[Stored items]
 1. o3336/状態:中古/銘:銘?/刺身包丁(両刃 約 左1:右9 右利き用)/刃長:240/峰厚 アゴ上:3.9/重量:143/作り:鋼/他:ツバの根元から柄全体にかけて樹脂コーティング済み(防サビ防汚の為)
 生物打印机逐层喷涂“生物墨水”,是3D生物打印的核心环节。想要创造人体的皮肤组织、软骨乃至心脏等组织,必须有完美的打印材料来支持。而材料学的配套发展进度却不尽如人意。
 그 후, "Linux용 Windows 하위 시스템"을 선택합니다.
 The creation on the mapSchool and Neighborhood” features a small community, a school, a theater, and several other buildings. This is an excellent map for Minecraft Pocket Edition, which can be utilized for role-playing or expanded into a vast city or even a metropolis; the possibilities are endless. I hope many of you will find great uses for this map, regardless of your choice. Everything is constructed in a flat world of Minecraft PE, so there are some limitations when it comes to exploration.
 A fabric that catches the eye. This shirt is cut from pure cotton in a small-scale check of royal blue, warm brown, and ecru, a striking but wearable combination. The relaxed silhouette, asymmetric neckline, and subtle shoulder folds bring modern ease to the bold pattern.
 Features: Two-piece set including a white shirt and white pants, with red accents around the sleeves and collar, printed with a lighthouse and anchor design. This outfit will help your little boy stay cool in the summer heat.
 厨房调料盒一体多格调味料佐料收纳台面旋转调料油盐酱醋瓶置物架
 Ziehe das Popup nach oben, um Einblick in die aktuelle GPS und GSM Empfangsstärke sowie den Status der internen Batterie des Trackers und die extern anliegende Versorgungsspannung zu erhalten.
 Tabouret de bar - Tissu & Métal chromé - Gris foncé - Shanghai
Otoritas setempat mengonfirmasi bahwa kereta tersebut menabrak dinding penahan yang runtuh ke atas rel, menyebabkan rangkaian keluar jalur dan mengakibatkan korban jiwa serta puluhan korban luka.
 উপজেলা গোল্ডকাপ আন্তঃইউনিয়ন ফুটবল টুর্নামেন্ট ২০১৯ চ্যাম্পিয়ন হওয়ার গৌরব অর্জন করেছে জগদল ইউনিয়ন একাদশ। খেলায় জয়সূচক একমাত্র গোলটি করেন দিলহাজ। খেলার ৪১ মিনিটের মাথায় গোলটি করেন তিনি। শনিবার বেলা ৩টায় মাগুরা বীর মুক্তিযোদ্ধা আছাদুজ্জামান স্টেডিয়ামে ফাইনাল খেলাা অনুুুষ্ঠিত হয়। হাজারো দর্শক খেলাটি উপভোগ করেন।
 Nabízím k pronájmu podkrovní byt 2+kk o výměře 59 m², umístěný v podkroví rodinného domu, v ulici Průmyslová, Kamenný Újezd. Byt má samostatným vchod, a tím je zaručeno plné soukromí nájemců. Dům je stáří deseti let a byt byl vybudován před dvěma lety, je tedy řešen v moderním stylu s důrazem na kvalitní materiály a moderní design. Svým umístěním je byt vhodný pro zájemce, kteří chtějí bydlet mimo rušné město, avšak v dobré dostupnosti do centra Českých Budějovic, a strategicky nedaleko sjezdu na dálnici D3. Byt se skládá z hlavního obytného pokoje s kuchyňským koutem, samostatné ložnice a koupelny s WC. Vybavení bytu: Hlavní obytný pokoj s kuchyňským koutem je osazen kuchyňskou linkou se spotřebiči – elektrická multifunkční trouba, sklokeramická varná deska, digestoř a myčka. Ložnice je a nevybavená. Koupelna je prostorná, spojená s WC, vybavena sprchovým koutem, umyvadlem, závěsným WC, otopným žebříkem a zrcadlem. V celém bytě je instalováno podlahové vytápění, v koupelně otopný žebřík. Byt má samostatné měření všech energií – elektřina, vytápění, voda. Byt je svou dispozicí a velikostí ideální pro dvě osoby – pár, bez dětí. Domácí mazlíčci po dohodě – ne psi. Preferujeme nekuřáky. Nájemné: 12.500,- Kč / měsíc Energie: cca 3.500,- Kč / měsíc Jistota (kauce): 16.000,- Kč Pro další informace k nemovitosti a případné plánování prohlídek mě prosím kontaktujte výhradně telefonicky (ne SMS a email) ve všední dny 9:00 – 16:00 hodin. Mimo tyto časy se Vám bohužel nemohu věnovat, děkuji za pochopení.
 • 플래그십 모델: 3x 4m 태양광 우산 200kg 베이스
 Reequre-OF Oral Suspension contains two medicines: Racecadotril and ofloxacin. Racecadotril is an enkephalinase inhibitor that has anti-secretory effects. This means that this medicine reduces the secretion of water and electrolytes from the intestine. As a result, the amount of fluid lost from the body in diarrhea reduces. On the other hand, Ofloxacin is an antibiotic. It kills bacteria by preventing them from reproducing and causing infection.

* [Problem description] Please go over the data above and copy each line with "small" in it.

* [Exercise answer]
 The creation on the mapSchool and Neighborhood” features a small community, a school, a theater, and several other buildings. This is an excellent map for Minecraft Pocket Edition, which can be utilized for role-playing or expanded into a vast city or even a metropolis; the possibilities are endless. I hope many of you will find great uses for this map, regardless of your choice. Everything is constructed in a flat world of Minecraft PE, so there are some limitations when it comes to exploration.
 A fabric that catches the eye. This shirt is cut from pure cotton in a small-scale check of royal blue, warm brown, and ecru, a striking but wearable combination. The relaxed silhouette, asymmetric neckline, and subtle shoulder folds bring modern ease to the bold pattern.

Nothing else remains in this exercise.